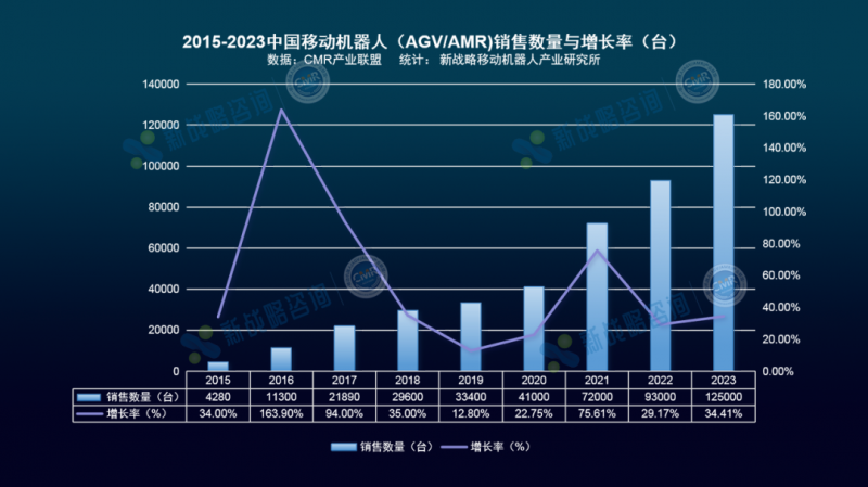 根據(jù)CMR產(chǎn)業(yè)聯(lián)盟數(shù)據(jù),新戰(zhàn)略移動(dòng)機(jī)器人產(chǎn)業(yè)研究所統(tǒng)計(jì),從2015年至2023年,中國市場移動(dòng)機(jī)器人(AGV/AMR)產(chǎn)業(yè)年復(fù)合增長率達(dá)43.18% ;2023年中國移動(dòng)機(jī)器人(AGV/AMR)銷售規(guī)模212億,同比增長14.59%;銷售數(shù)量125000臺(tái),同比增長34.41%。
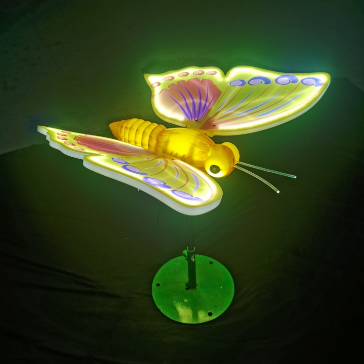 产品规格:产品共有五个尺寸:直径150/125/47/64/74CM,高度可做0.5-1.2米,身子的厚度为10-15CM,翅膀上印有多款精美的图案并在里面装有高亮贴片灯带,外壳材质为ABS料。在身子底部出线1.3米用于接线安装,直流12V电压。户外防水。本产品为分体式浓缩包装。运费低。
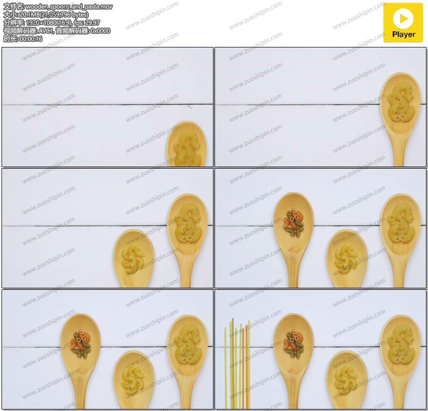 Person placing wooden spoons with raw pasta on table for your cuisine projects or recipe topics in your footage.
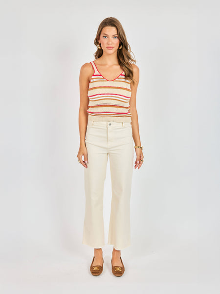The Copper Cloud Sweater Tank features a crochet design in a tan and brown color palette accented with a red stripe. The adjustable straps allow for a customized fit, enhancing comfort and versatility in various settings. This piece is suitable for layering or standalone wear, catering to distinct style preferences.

==

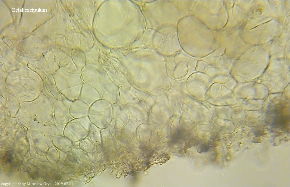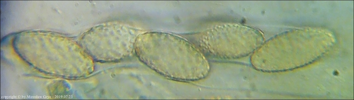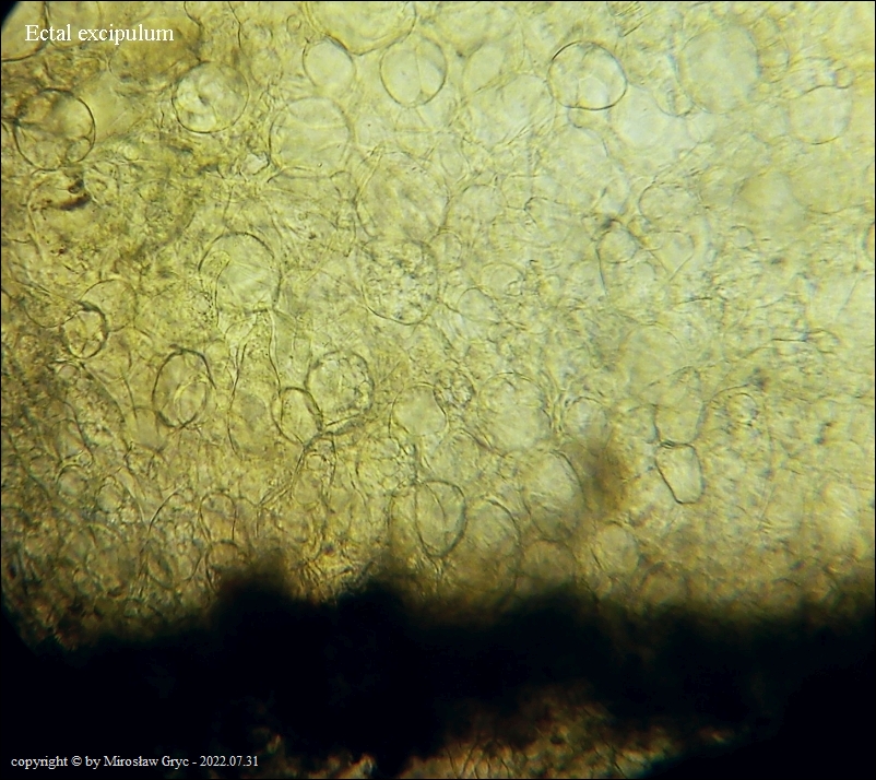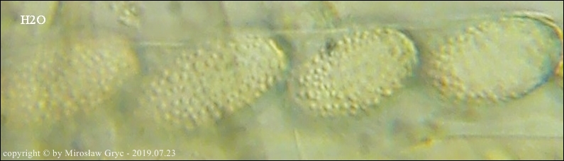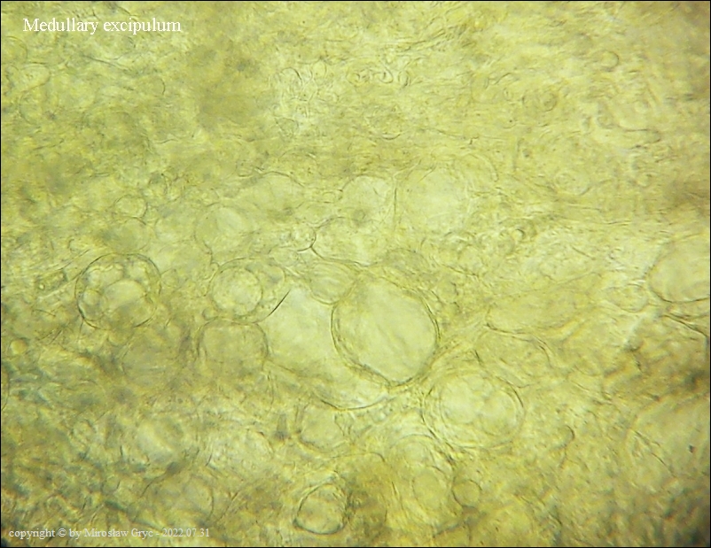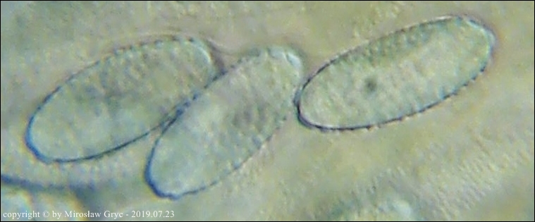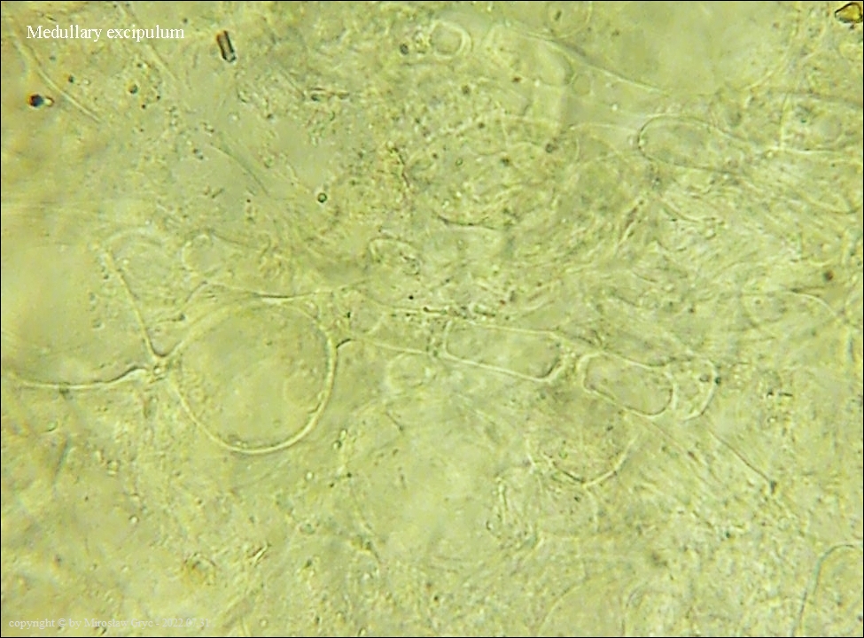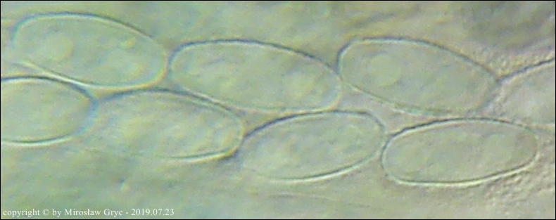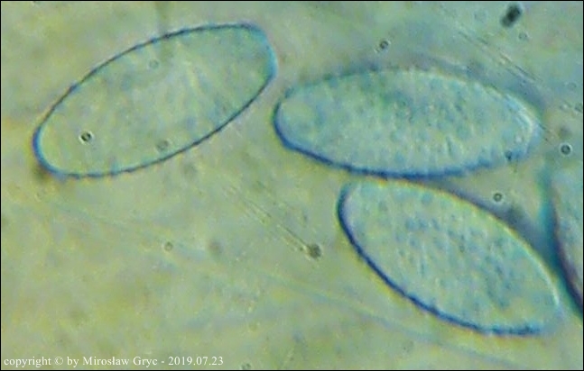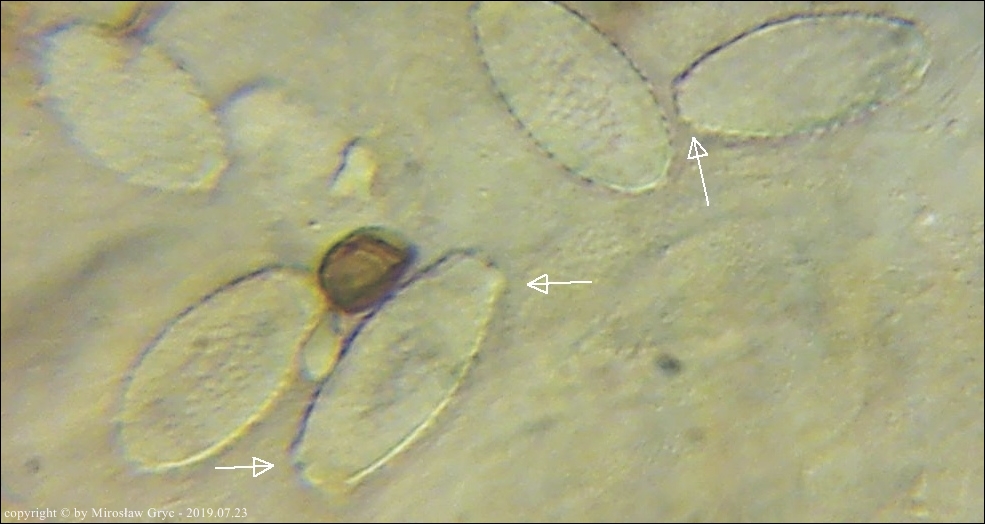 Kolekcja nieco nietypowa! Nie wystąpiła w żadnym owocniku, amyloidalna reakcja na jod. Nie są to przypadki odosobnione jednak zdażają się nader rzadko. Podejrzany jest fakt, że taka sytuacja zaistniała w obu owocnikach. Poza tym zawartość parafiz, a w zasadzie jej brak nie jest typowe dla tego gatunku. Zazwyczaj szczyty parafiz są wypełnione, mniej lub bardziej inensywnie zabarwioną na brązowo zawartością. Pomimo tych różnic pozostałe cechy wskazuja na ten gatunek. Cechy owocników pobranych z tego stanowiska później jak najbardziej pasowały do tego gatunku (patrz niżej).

Assigned task >>
Leave out the images and write out the lines above exactly, from the one with "Person placing wooden" up to and including the one with "The Copper Cloud".

Written answer >>
 Person placing wooden spoons with raw pasta on table for your cuisine projects or recipe topics in your footage.
The Copper Cloud Sweater Tank features a crochet design in a tan and brown color palette accented with a red stripe. The adjustable straps allow for a customized fit, enhancing comfort and versatility in various settings. This piece is suitable for layering or standalone wear, catering to distinct style preferences.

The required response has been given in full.